L’Union européenne publie la liste des banques russes exclues de Swift
VTB Bank, Rossia Bank, Otkritie, Novikombank, Promsvyazbank, Sovcombank et VEB. Telle est la liste officielle des banques russes qui vont être exclues du réseau de messagerie interbancaire Swift, publiée mercredi par l’Union européenne (UE) dans le cadre des sanctions imposées à la Russie suite à son invasion de l’Ukraine.
Comme pressenti, Sberbank and Gazprombank, les deux banques les plus impliquées dans les exportations de matières premières énergiques, sont ainsi épargnées par la mesure. Une exception vouée à préserver les approvisionnements européens en pétrole, charbon et, surtout, en gaz russes.
« Idéalement, nous aimerions être en mesure d’exempter des transactions spécifiques de cette mesure mais Swift ne fonctionne pas de cette manière. Par conséquent, nous avons été contraints d’épargner ces deux banques », précise un haut-fonctionnaire européen.

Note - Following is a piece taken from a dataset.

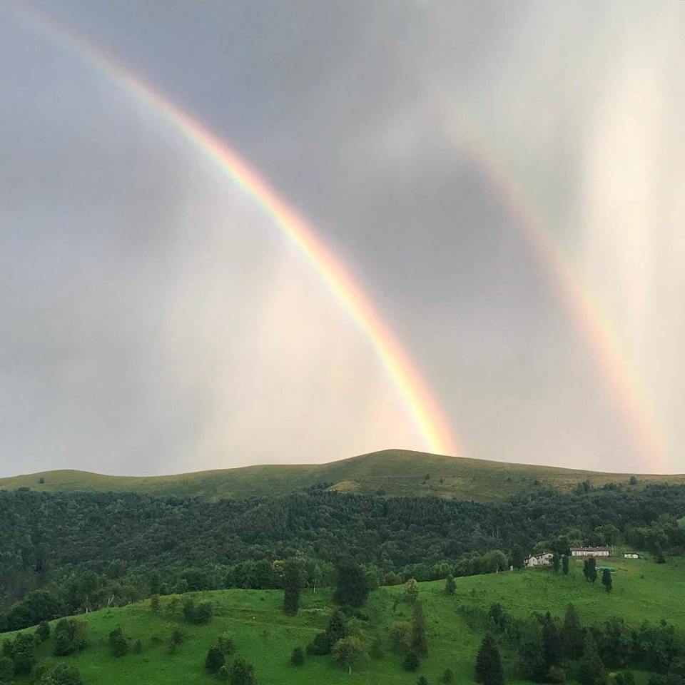 A nord l’azzurro. A sud il cielo minaccioso e grigio. In mezzo la meraviglia dell’arcobaleno, addirittura doppio in alcuni punti, che ha fatto capolino dei cieli del Lecchese.

Période de transitions de 10 jours
« Cela signifie-t-il que ces banques n’apparaîtront jamais sur la liste ? Je ne peux pas le confirmer : il y a une semaine, utiliser Swift comme sanction était hors de question … Les choses évoluent très vite », ajoute une autre source européenne.
Limitée à ces sept banques, en raison de « leurs liens directs ou indirects à l’effort de guerre russe », la sanction sera mise en oeuvre sous une période transitoire de 10 jours. « Cela a été décidé afin de laisser à nos propres banques le temps de s’adapter et donc de faire le moins dégâts possible de notre côté », explique le même haut-fonctionnaire.
Le fonds souverain russe ciblé
Seconde sanction officialisée mercredi : l’interdiction de nouveaux co-investissements par des entités ou investisseurs de l’UE à travers le fonds souverain russe Russian Direct Investment Fund (RDIF). « Là encore, nous avons avons opté pour une approche proportionnée. Nous n’imposons pas le désengagement d investissements faits par le passé », précise Bruxelles.
Enfin, l’UE annonce interdire le transfert de billets de banques en euro vers la Russie. « Cela a été décidé car nous avons été informés qu’il y avait certaines banques, qui envisageaient la possibilité de transporter physiquement des billets », explique-t-on à la Commission.
Ces sanctions financières font l’objet d’un « alignement complet avec les partenaires de l’UE, en particulier au sein du G7 », indique l’exécutif européen.